Most people at this stage prefer to forget high school and dismiss it as an embarrassing and forgetful experience. However, for me, high school was a constructive and important part of my life because of the experiences and opportunities that were present. My high school, named after Petra Corretjer de O’Neill, had a vocational program with different vocations like refrigeration, cosmetology, culinary arts, and electronics repair. I opted for electronic repair because, at that point, I was already familiar with lots of basic computer subjects. My teacher was a recent graduate from the University of Puerto Rico in Electrical Engineering, and that was his first time teaching. He was an excellent teacher and taught us the fundamentals of Ohm’s law and Kirchhoff's circuit laws so we could make basic circuits on breadboards and learn the use of voltage meters, power supplies, and signal generators. He was once impressed when I forgot my calculator for a test, but I still took it and still did all the calculations to get an A on the test.

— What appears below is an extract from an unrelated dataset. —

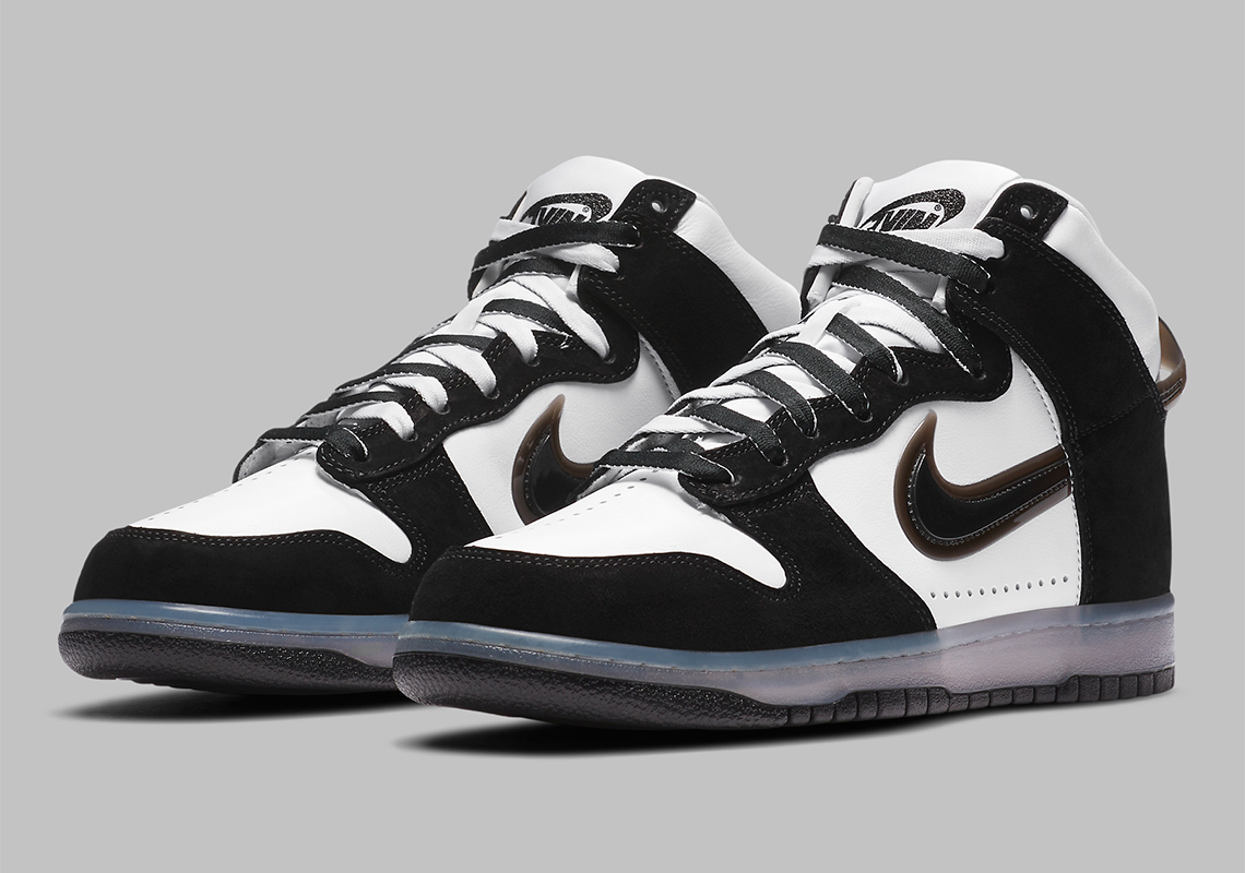 Après la version White sortie exclusivement chez Slam Jam et sur l’application Nike SNKRS, le shop italien et la marque au Swoosh dévoilent la Slam Jam x Nike Dunk High Black. Comme la précédente, cette nouvelle déclinaison se pare d’une base en cuir blanc mais se différencie avec ses empiècements en suede noir. On remarque également la midsole semi-translucide et les lacets blancs et noirs. Cette Slam Jam x Nike Dunk High Black est sortie ce matin chez Slam Jam et sur Nike au prix de 150 €.

Eventually, he had to transfer to another school because he had to drive a long distance every day since he lived far away, and an opportunity was offered to him in a closer school. We then got a new teacher who was more project-oriented and wanted us to work on projects of our choosing regarding electronics. I was looking at YouTube videos of different projects, but the coolest one was the Tesla Coil. I wanted to put together a Tesla Coil using a transistor, insulated wire, and batteries. I saw some projects where they directly hooked it up to the main voltage, and I’m sure that would’ve gotten me suspended. I got a PVC pipe to wire some insulated wire I got from eBay and make my main coil. After a few transistors, one big capacitor, wires from the class workshop and three 9V batteries in series to have 21V as input, I was able to put together a decent Tesla Coil. It could generate arcs ¼ of an inch long and excite some bulbs to generate light at a short distance. It was a key moment that influenced me to take a shot at an engineering career.
I also took precalculus and College Board practice which solidified some key math skills that I was going to need later.